Design your tables to use the correct datatypes to avoid having to apply functions on them to get the data out. It is far harder to do date math when you store your data as varchar for instance.
If you find that you are frequently doing joins that have functions in them, then you need to think about redesigning your tables.
If your WHERE or JOIN conditions include OR statements (which are slower) you may get better speed using a UNION statement.
UNION ALL is faster than UNION if (And only if) the two statments are mutually exclusive and return the same results either way.

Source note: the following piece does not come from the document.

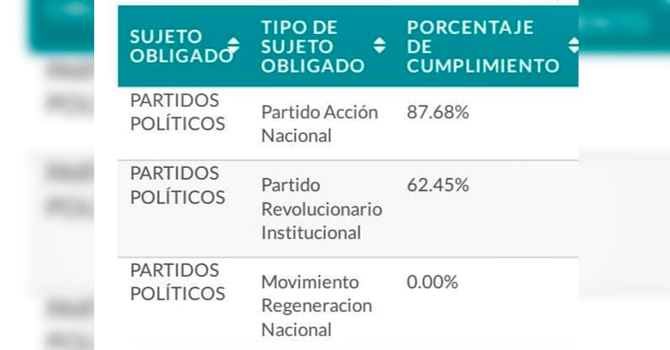 En información obtenida a través de una solicitud de información en el Itait, Morena obtuvo un cero por ciento de cumplimiento en la difusión de obligaciones por transparencia.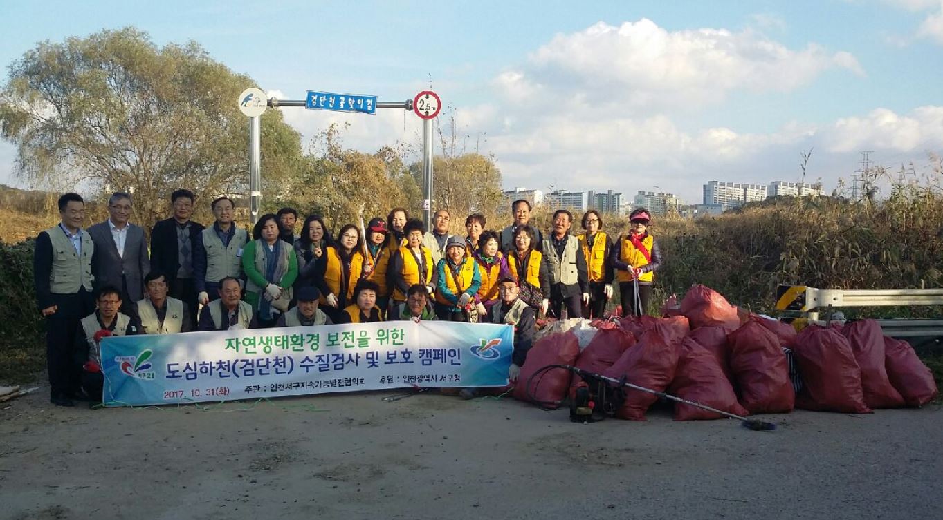 인천시 서구 지속가능발전협의회(상임대표 강범석)는 지난달 31일 2시간동안 오류동 검단천 상류 일원에서 2017년도 실천사업인 ‘도심하천 수질검사 및 자연보호 활동’을 전개했다.

NOT EXISTS is usually faster than NOT IN or using a left join with a WHERE clause of ID = null
In an UPDATE query add a WHERE condition to make sure you are not updating values that are already equal. The difference between updating 10,000,000 records and 4 can be quite significant!
Consider pre-calculating some values if you will be querying them frequently or for large reports. A sum of the values in an order only needs to be done when the order is made or adjusted, rather than when you are summarizing the results of 10,000,000 million orders in a report. Pre-calculations should be done in triggers so that they are always up-to-date is the underlying data changes. And it doesn't have to be just numbers either, we havea calculated field that concatenates names that we use in reports.
Be wary of scalar UDFs, they can be slower than putting the code in line.
Temp table tend to be faster for large data set and table variables faster for small ones. In addition you can index temp tables.
Formatting is usually faster in the user interface than in SQL.
Do not return more data than you actually need.
This one seems obvious but you would not believe how often I end up fixing this. Do not join to tables that you are not using to filter the records or actually calling one of the fields in the select part of the statement. Unnecessary joins can be very expensive.
It is an very bad idea to create views that call other views that call other views. You may find you are joining to the same table 6 times when you only need to once and creating 100,000,00 records in an underlying view in order to get the 6 that are in your final result.
In designing a database, think about reporting not just the user interface to enter data. Data is useless if it is not used, so think about how it will be used after it is in the database and how that data will be maintained or audited. That will often change the design. (This is one reason why it is a poor idea to let an ORM design your tables, it is only thinking about one use case for the data.) The most complex queries affecting the most data are in reporting, so designing changes to help reporting can speed up queries (and simplify them) considerably.
Database-specific implementations of features can be faster than using standard SQL (That's one of the ways they sell their product), so get to know your database features and find out which are faster.
And because it can't be said too often, use indexes correctly, not too many or too few. And make your WHERE clauses sargable (Able to use indexes).